Братья Гракхи, внуки Сципиона - страница 2



Человек в сенаторской тоге тяжело вздохнул:

– Хотелось бы еще немного пожить и кое-что в жизни сделать. Прежде я изучал юриспруденцию и неплохо выступал в суде…

– Послушай, Сенатор, – перебил его старик, – я не спрашиваю твоего имени, оно мне ни к чему, а ты можешь звать меня просто Философ. А по имени мы будем называть нашего доброго Марка, потому что его вряд ли кто-то занес в проскрипционные списки и у него в отличие от нас есть надежда выжить. Хотя если он будет торчать здесь на виду и потчевать беглецов всякими яствами, то легко могут и занести. Знаешь ли ты, Марк, что помощь проскрибированным карается смертью?

Я молча кивнул.

– Поэтому нам лучше поднять наши тощие зады, – продолжил Философ, – и переместить их в какое-нибудь укромное местечко. Марк наверняка живет в большом поместье, где много-много всяких строений и найдется летняя хижина для уборщиков урожая, которая сейчас пустует.

– Таковая есть, – признался я.

– Вот видишь, нам незачем сидеть у дороги и привлекать внимание центуриона, едущего по своим важным делам. Пускай едет, не будем мешать занятому человеку. А ты отведи нас в эту хижину, да принеси туда парочку одеял, да только чтобы в них не было клопов и блох.

Он распоряжался так, как будто я уже согласился предоставить моим новым знакомцам убежище. Отец строго-настрого запретил мне приводить чужаков на наши земли, но Философ так ловко повернул разговор и сумел заморочить мне голову, что я не смог ему отказать.

– Идемте, провожу вас…

Сенатор вопросительно глянул на меня и, сообразив, что приглашение относится и к нему тоже, вздохнул с облегчением, и поднялся.

Я же почти что уверился, что эти двое проведут остаток дня и ночь в пустующей хижине и наутро уйдут. Я даже подумал дать обет Меркурию, которому всегда давал обеты мой отец, что поставлю ему алтарь, как только достигну возраста двадцати лет.

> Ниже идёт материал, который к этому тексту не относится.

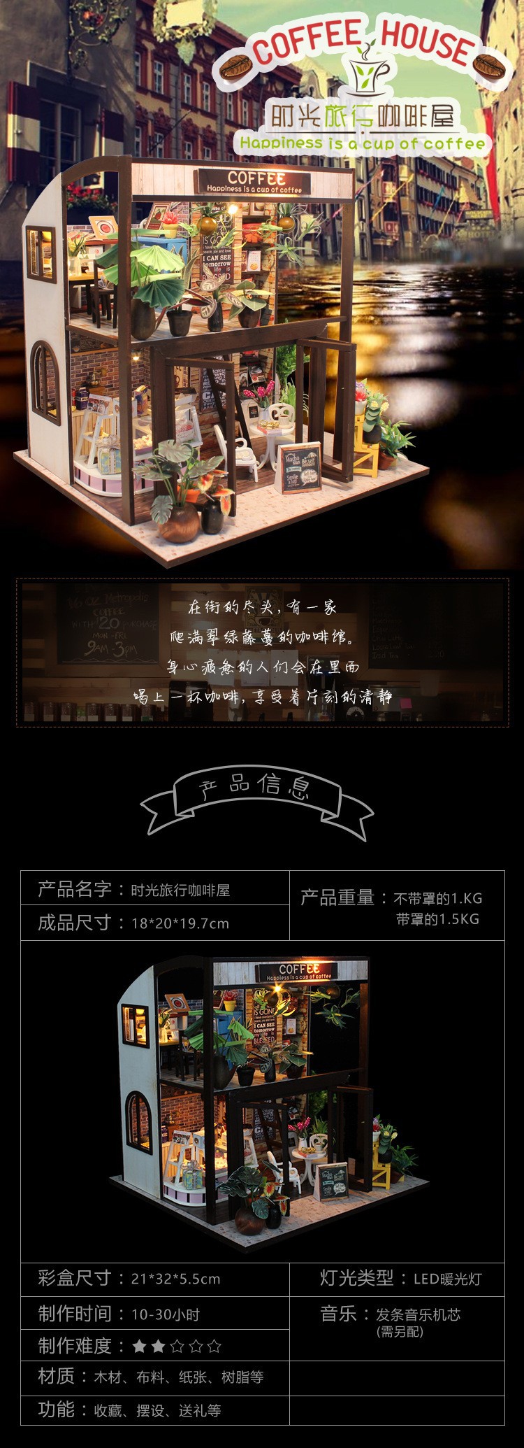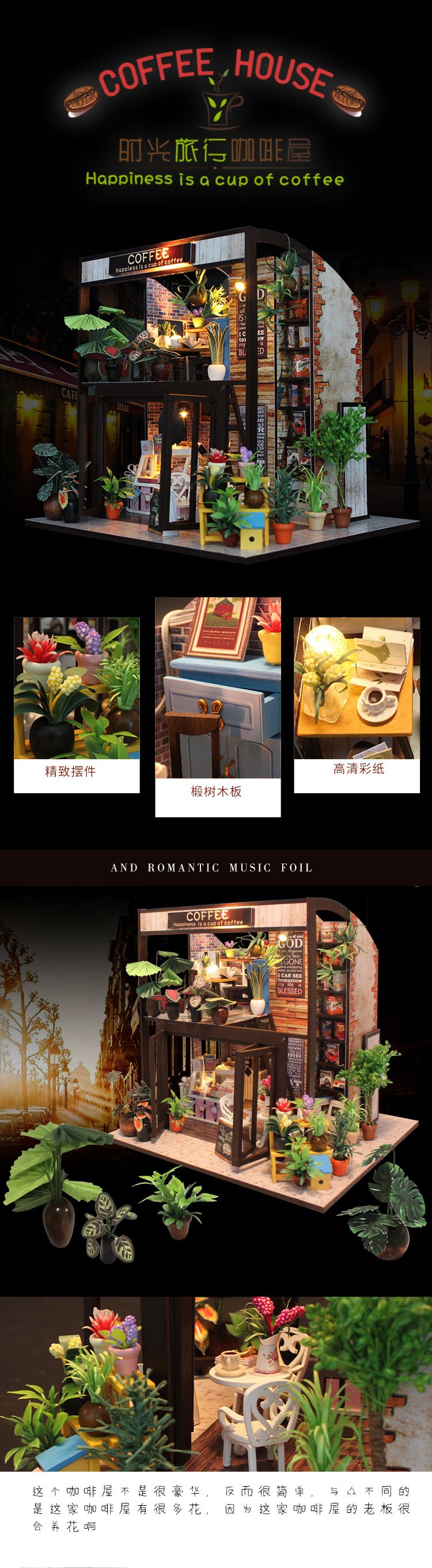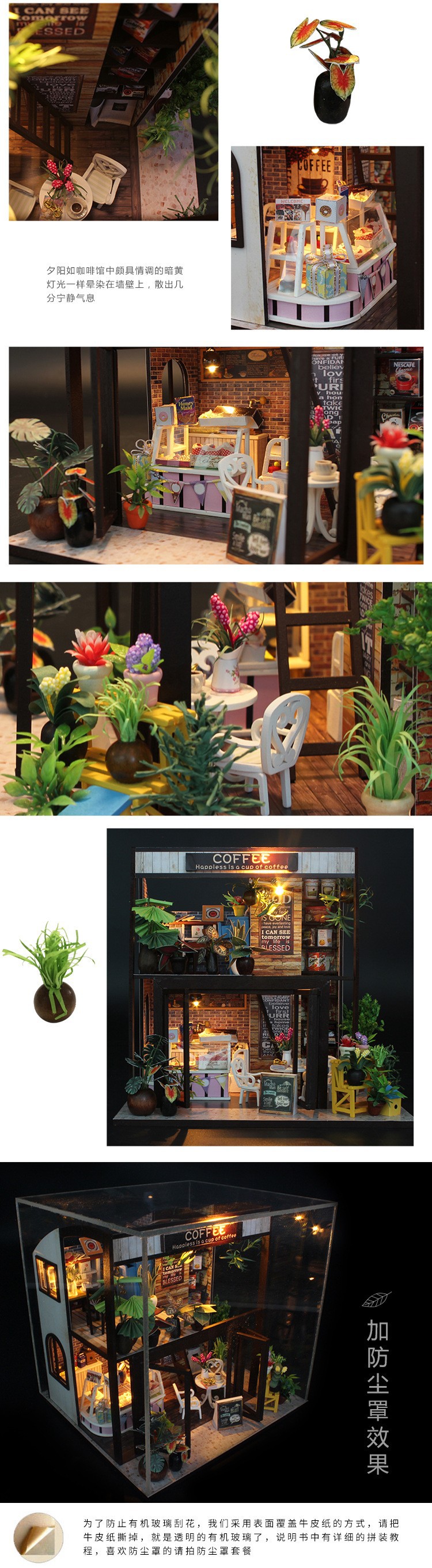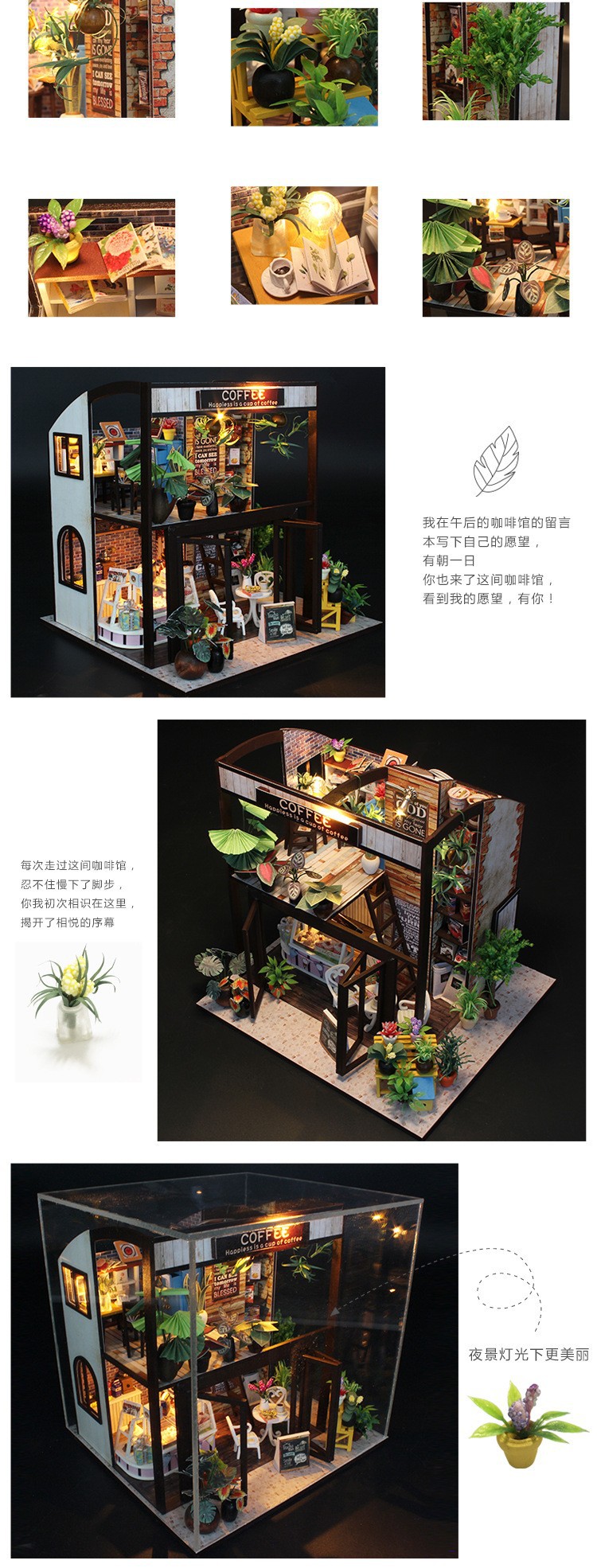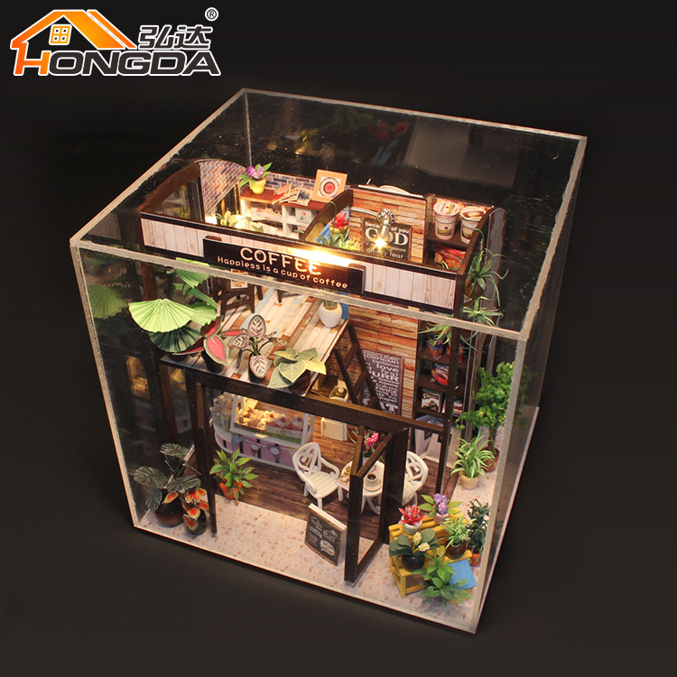홍다 창의적인 수제 DIY 소형 모델 하우스 미니어처 커피 장면 조립식 작은 집 공예 장식품 선물

Глава 1. Философ и Сенатор. День первый

Декабрь 82 года до н. э.

Я повел моих опасных гостей окружной дорогой. Вернее, тропинкой, что тянулась между посадками фруктовых деревьев, лавра и убранными полями. После уборки хлеба мы выгоняли сюда свиней, чтобы они пожирали паданцы груш и слив. Но сейчас свиней, в ожидании снега, загнали в загоны.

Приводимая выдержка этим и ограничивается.